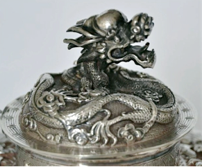 Tu Mao Hsing, for me, was the master of dragon-making. His silver dragons were quite extraordinary, once again in varying degrees but all degrees of excellence – so much so that I personally believe he was a supplier of component dragons to many makers across China. I also believe that certain makers probably ordered their own exclusive versions. This was common practice among Western silversmiths of the Georgian period in the making of both jewellery and high quality silver objects, where die striking and other “mass production” techniques were prevalent from the latter part of the 18th century.
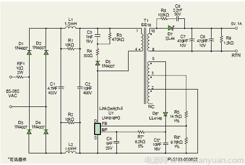 圖2: 5W CV/CC通用輸入充電器電源電路圖
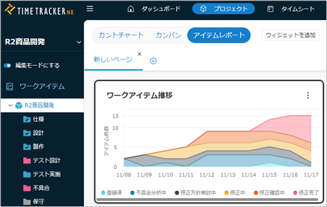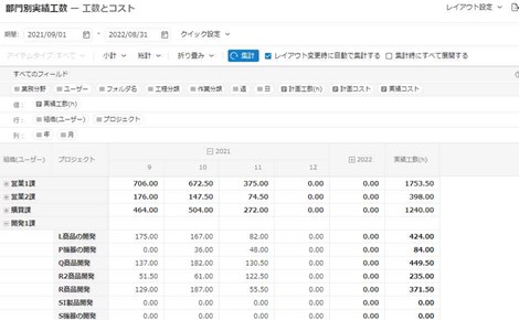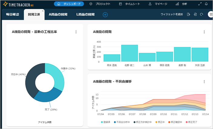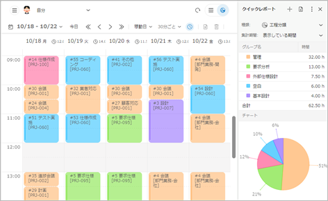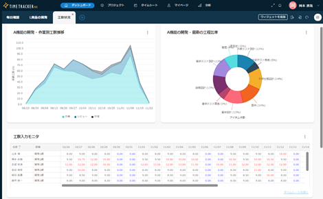 プロジェクトメンバーの視点から、マネージャの視点から、あるいは上級管理者の視点から工数や進捗のデータを見える化し、分析します。
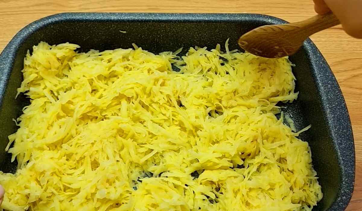 Na wierzchu ułożyć starte ziemniaki. Następnie pokroić cebulę w krążki i ułożyć ją na wierzchu. Następnie ułożyć cienko pokrojone mięso.
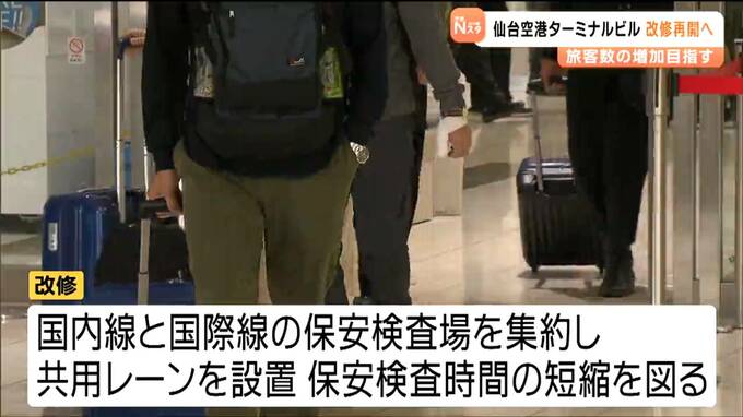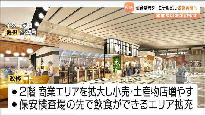 この改修事業は、空港に滞在する人の利便性と快適性を高めることを目的に、2020年に一度着手されましたが、コロナ禍により中断していました。仙台国際空港は2044年度に旅客数550万人を達成することを目標に掲げていて、2026年度中にも改修に着手しインバウンドなどの受け入れ態勢の強化を図ることにしています。
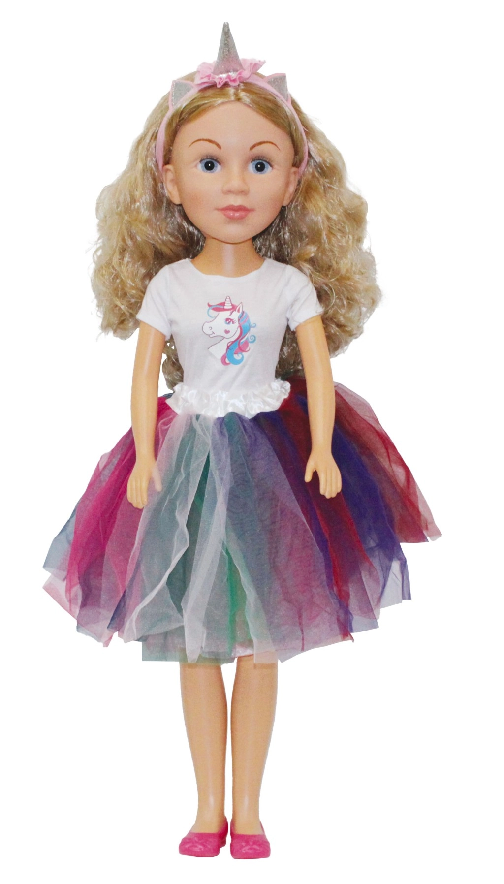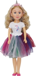 Esta hermosa muñeca de 80 cm de altura destaca por sus detalles y sus preciosos ojos de vidrio. El elegante vestido de novia con diseño de unicornio es la elección ideal para amantes de las atmósferas de cuento de hadas.
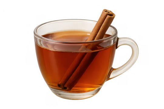 Hot tea in a clear glass mug with cinnamon sticks, offering a comforting and spiced warm beverage on a transparent background
· · ·
What you have to do:
All entries above must be printed again verbatim, with images excluded.

Written solution:
 Tu Mao Hsing, for me, was the master of dragon-making. His silver dragons were quite extraordinary, once again in varying degrees but all degrees of excellence – so much so that I personally believe he was a supplier of component dragons to many makers across China. I also believe that certain makers probably ordered their own exclusive versions. This was common practice among Western silversmiths of the Georgian period in the making of both jewellery and high quality silver objects, where die striking and other “mass production” techniques were prevalent from the latter part of the 18th century.
 圖2: 5W CV/CC通用輸入充電器電源電路圖
 プロジェクトメンバーの視点から、マネージャの視点から、あるいは上級管理者の視点から工数や進捗のデータを見える化し、分析します。
 Na wierzchu ułożyć starte ziemniaki. Następnie pokroić cebulę w krążki i ułożyć ją na wierzchu. Następnie ułożyć cienko pokrojone mięso.
 この改修事業は、空港に滞在する人の利便性と快適性を高めることを目的に、2020年に一度着手されましたが、コロナ禍により中断していました。仙台国際空港は2044年度に旅客数550万人を達成することを目標に掲げていて、2026年度中にも改修に着手しインバウンドなどの受け入れ態勢の強化を図ることにしています。
 Esta hermosa muñeca de 80 cm de altura destaca por sus detalles y sus preciosos ojos de vidrio. El elegante vestido de novia con diseño de unicornio es la elección ideal para amantes de las atmósferas de cuento de hadas.
 Hot tea in a clear glass mug with cinnamon sticks, offering a comforting and spiced warm beverage on a transparent background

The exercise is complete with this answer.